Nos quedamos en silencio y sin decir nada, la rubia giró sobre sus talones y se dirigió hacia su habitación. El resto del día pasó sin otra improcedencia. Kori y yo fuimos a la dichosa oficina — que esta vez sí estaba abierta — para efectuar el maldito pago y volver a Nueva York. Caía la noche de aquel veintiocho de Diciembre mientras nos dirigíamos al aeropuerto en taxi. Apenas nos habíamos despedido de Tara al irnos y no la habíamos visto nada bien.
—Kori… —Comencé yo, sin despegar la vista de la ventana, que me mostraba la nublada visión de la ciudad que atravesábamos.
— Dime, Luna. —Habló la pelirroja, suspirando exhausta a mi lado.
— ¿Sería muy descabellado sugerirle a Tara que pase las fiestas con nosotras? —Kori me sonrió con lástima ante mi interrogante.
— No sería nada descabellado, Luna. De hecho sería un buen gesto — Apuntó ella sin abandonar su lastimosa mueca, y antes de que terminara la oración, pude adivinar el porqué de su negativa. —, pero Tara no querrá. Estoy segura.
No podía rebatir a Kori en eso: Yo también estaba segura de que Tara no querría viajar al nostálgico pueblucho donde habíamos hecho el secundario para encerrarse con muchos desconocidos y pasar las fiestas ahí, mirando la nieve caer, con gente que no le removía ni el más obtuso de sus sentimientos.
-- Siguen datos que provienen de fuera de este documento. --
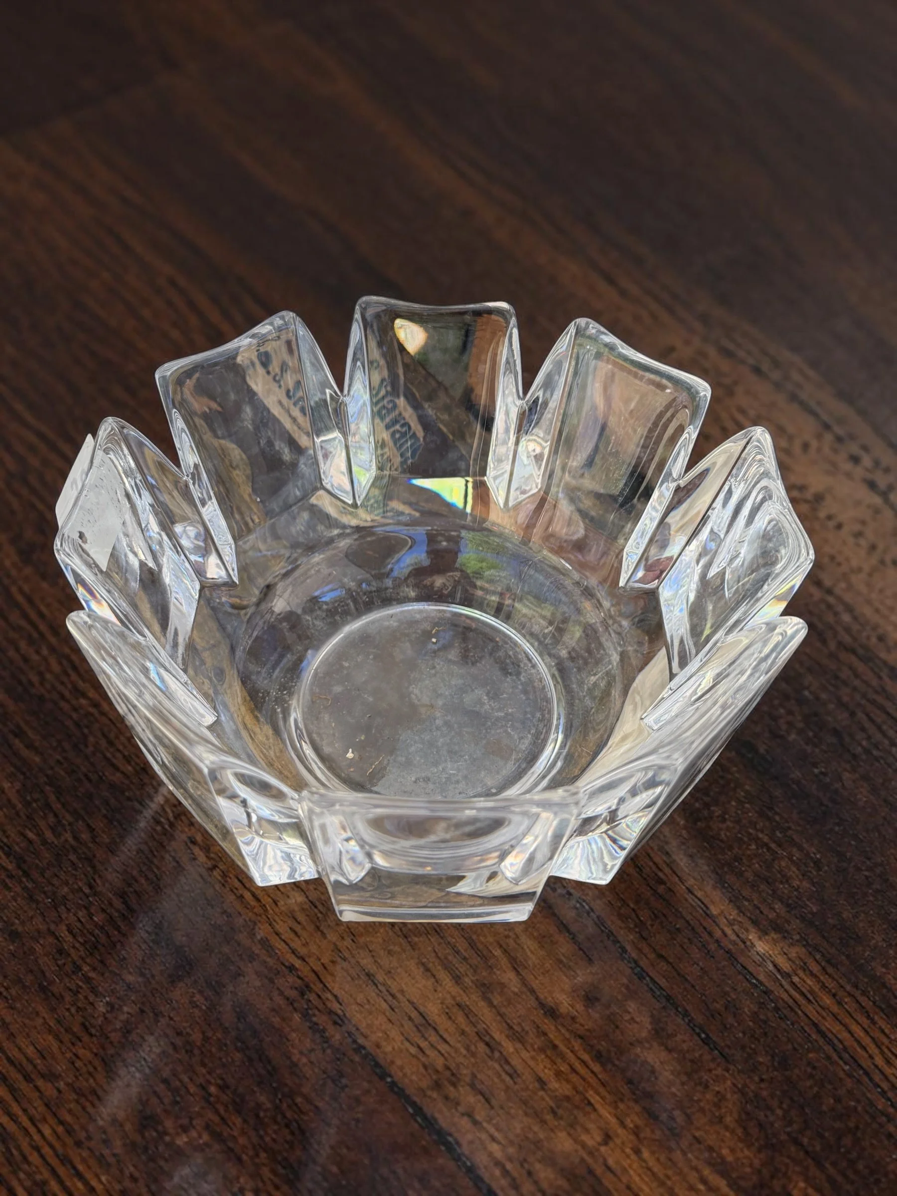 Thick-walled crystal centerpiece bowl with a sculptural lotus petal rim and a subtle iridescent finish that shifts with the light. Heavy and architectural, designed to anchor a dining table, console, or coffee table. A statement piece that earns its place in any room.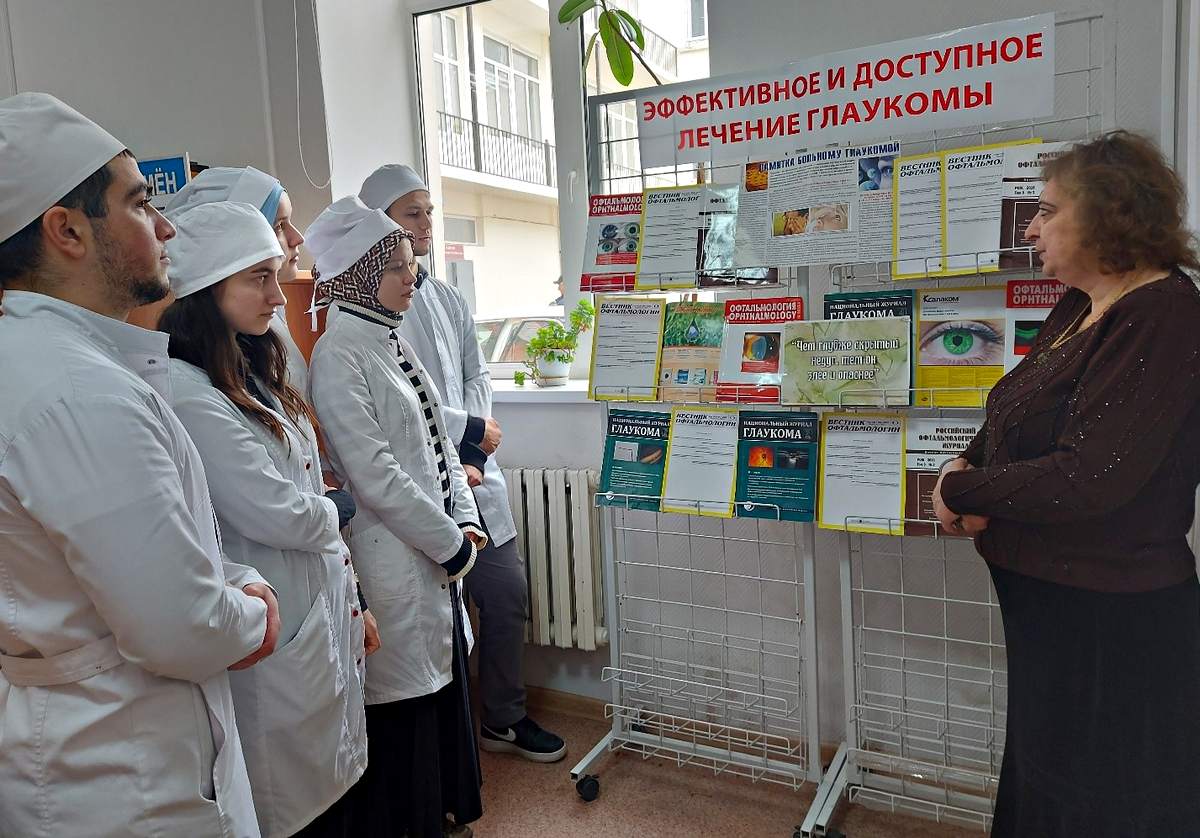 Научная библиотека ДГМУ подготовила выставку периодических изданий на тему «Эффективное и доступное лечение глаукомы» и провела беседу со студентами 3 курса педиатрического факультета,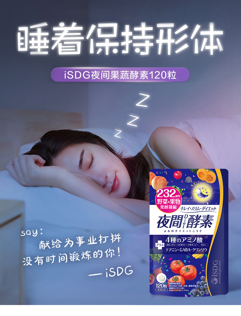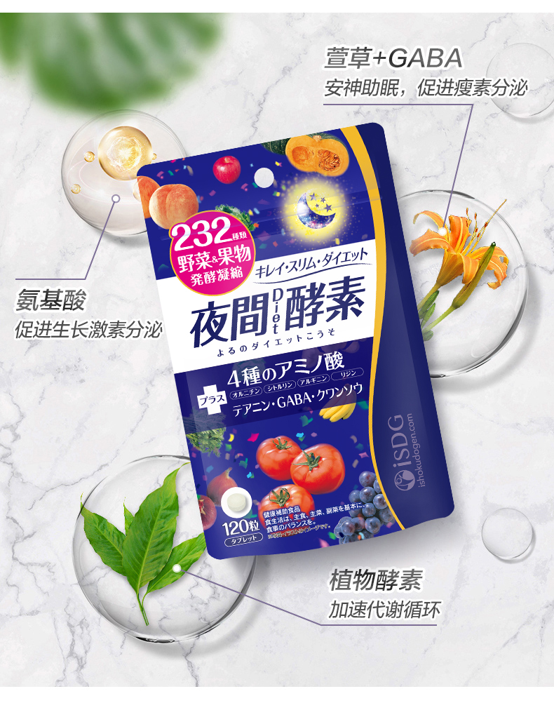 【香港直邮】日本进口夜间酵素232种果蔬肠润120粒/袋孝素肠清宿便排果冻

Y no podía culparla por eso, estaba en su total derecho de no querer aceptar mi invitación; pero yo me iba a sentir culpable si nunca lo sugería en voz alta.
Bajamos en el aeropuerto, con una única valija que habíamos acordado compartir para tener que trasladar menos cosas por el escaso tiempo que pasaríamos fuera de Nueva York. Yo la arrastré tranquilamente, caminando detrás de Kori quien se dirigía con ímpetu al mostrador para comprar los boletos.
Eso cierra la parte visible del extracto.